Keywords: Generalized entropies; network traffic; anomaly detection; OC-SVM; Mahalanobis Kernel; Mahalanobis distance
Comments on this paper
Nabin Malakar
17 November 2014
On Tsallis Entropy, and Classification
Hi Jayro et al,
Interesting work!
Just curious questions:
1. You mentioned that
"parameter q ( in generalized entropy) is used to make less or more sensitive the entropy to certain events within the distribution
"
Could you please clarify about the kind of events for various values of q?
2. How did you decided on the Tsallis entropy with q = 0.01? Can we objectively decide on this number, or it is an empirical value?
3. Could you please tell a bit more about classification scheme used in here. What are the distinguishing features? and how different are they?
Also, what would happen if you were to discretely vary q from 0 to 1 (Shannon)? Does the nature of detection change?
Does if affect the "classification"?
Detection rates for Knn>2 seems to be pretty much flat. Could you please comment on that.
Thanks!
Interesting work!
Just curious questions:
1. You mentioned that
"parameter q ( in generalized entropy) is used to make less or more sensitive the entropy to certain events within the distribution
"
Could you please clarify about the kind of events for various values of q?
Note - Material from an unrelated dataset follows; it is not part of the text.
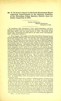 Mr. W. H. Power's report to the local government board respecting improvements in the sanitary condition of the Faversham urban sanitary district since his former inspection in 1875.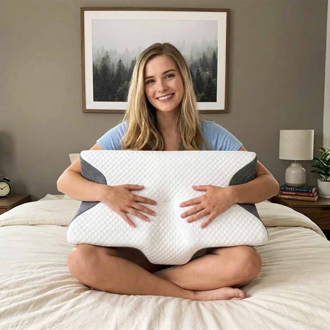 It’s an ergonomic contour pillow designed to support your neck and align your spine while you sleep. This helps reduce strain, improve comfort, and promote deeper, more restful sleep.

2. How did you decided on the Tsallis entropy with q = 0.01? Can we objectively decide on this number, or it is an empirical value?
3. Could you please tell a bit more about classification scheme used in here. What are the distinguishing features? and how different are they?
Also, what would happen if you were to discretely vary q from 0 to 1 (Shannon)? Does the nature of detection change?
Does if affect the "classification"?
Detection rates for Knn>2 seems to be pretty much flat. Could you please comment on that.
Thanks!
Jayro Santiago
20 November 2014
Dear Nabin Malakar,
Thanks for reading our work.
We refer to the fact that the factor q in the equations 2 and 3 modify the entropy values,
and consequently the behavior of the entropy. Also, for a specific event con probability p
and with appropriated q-values we can increase (or decrease) the entropy value respect to
Shannon entropy. By example (closest to our application), whether we have a certain distribution
which we want to identify events with small probability (<0.1) or events likely to occur greater than 0.9 and discriminate all other events, using the Tsallis entropy with q = 0.01
we can achieve, because entropy values within the range of 0.1 to 0.9 tend to be equal and large,
while the values of entropy outside this decrementing, see figure 2 in
https://www.dropbox.com/s/cis9r854vi8dv34/e-conference%20Entropy.pdf?dl=0
About the value of parameter q, the election is obtained by means of experiments, choosing values
that provide higher level of detection.
For the classification, as distinguishing features to this traffic study were selected in this work
IP address (source and destine), and Ports (source and destine), because generally change during
a set of anomalies. Next, the entropy of these features is calculated. The behavior of these features
via theirs entropies in the normal and abnormal network traffic were studied. Our approach is
based on mathematical tools such as: Mahalanobis distance, covariance matrix, OC-SVM,
and Knn Algorithm. It allows the construction of different regions (regular and non-regular),
which encompass the behaviors of the four selected features. . These regions allow, first the
classification as normal or abnormal. And after that, the classification of known attacks is performed.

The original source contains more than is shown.